> **Given entries**

§ §

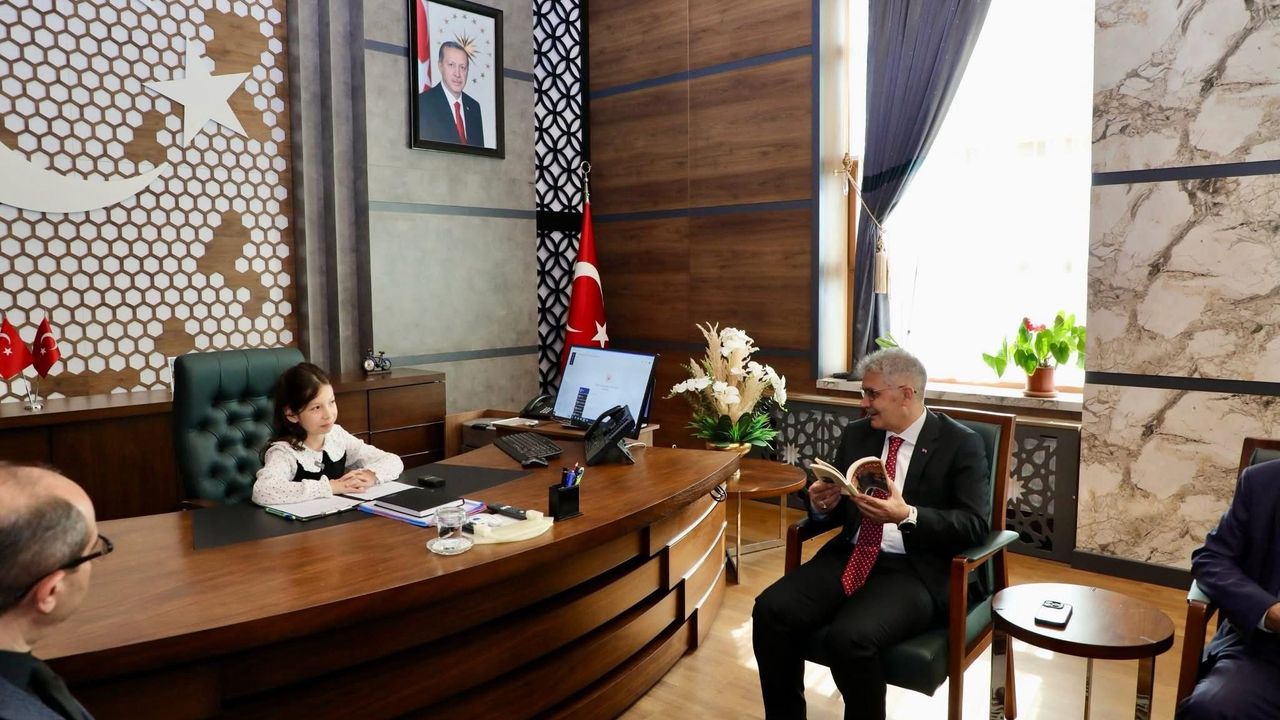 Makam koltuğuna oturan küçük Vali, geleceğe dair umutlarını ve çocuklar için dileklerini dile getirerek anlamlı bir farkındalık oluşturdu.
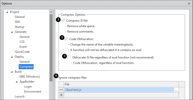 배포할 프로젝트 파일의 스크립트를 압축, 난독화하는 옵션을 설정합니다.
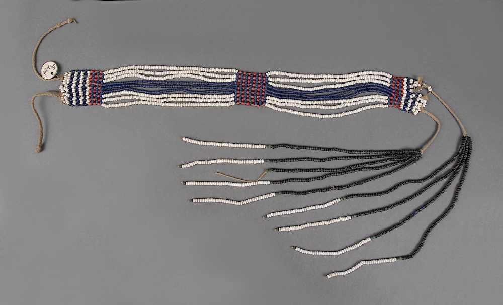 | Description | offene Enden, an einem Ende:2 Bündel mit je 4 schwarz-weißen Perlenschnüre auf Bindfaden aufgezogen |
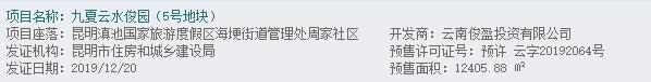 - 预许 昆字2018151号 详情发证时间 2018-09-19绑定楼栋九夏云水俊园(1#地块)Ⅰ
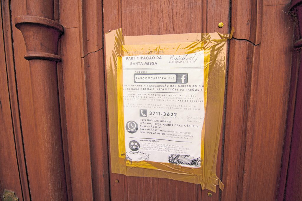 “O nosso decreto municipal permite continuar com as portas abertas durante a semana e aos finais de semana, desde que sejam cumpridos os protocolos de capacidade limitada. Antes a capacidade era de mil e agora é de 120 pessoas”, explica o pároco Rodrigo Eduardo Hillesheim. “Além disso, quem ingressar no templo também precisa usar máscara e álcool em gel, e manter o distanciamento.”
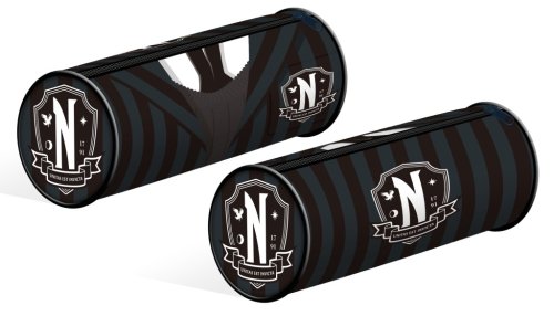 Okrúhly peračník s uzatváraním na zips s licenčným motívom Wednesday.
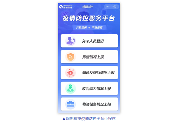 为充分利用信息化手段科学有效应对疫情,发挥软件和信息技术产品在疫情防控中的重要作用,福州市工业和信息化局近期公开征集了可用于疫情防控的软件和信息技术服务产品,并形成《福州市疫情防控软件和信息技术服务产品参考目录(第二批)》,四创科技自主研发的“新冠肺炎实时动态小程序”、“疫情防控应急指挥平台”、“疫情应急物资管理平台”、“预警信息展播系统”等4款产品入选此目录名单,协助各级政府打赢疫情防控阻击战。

§ §

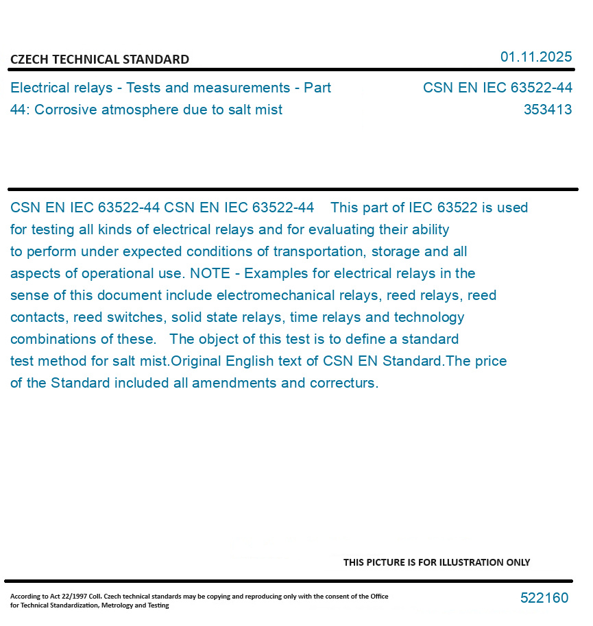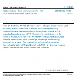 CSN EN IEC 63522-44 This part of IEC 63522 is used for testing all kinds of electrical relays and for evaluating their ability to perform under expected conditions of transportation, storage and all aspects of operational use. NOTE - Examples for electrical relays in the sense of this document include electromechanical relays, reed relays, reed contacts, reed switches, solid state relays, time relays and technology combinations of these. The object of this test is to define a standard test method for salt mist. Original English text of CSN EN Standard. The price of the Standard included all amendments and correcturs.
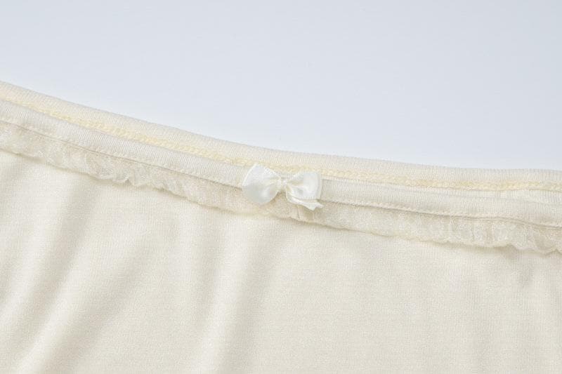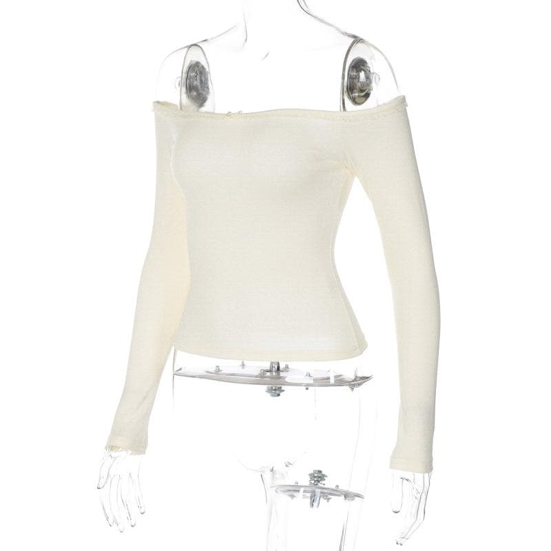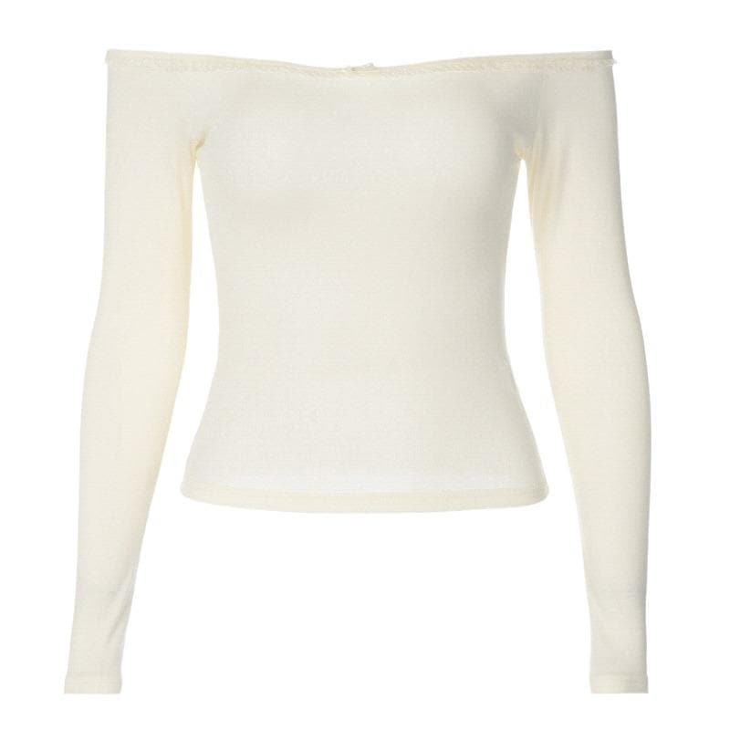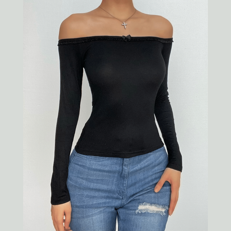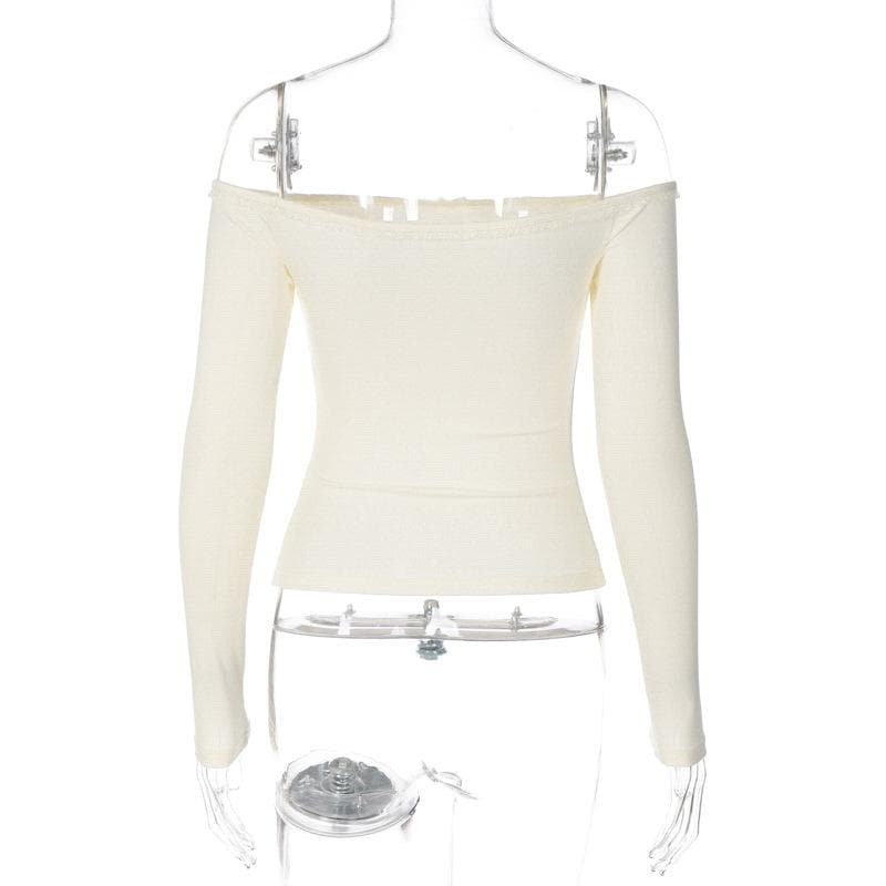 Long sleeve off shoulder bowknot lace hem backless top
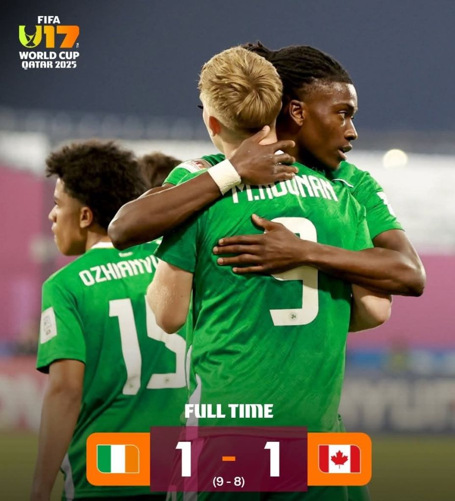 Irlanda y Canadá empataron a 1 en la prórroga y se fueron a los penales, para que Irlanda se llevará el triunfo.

§ §

> **Work request**
From the records above, copy exactly the stretch from the line holding "Okrúhly peračník s" through the line holding "为充分利用信息化手段科学有效", both ends included, without the pictures.

> **Result below**
 Okrúhly peračník s uzatváraním na zips s licenčným motívom Wednesday.
 为充分利用信息化手段科学有效应对疫情,发挥软件和信息技术产品在疫情防控中的重要作用,福州市工业和信息化局近期公开征集了可用于疫情防控的软件和信息技术服务产品,并形成《福州市疫情防控软件和信息技术服务产品参考目录(第二批)》,四创科技自主研发的“新冠肺炎实时动态小程序”、“疫情防控应急指挥平台”、“疫情应急物资管理平台”、“预警信息展播系统”等4款产品入选此目录名单,协助各级政府打赢疫情防控阻击战。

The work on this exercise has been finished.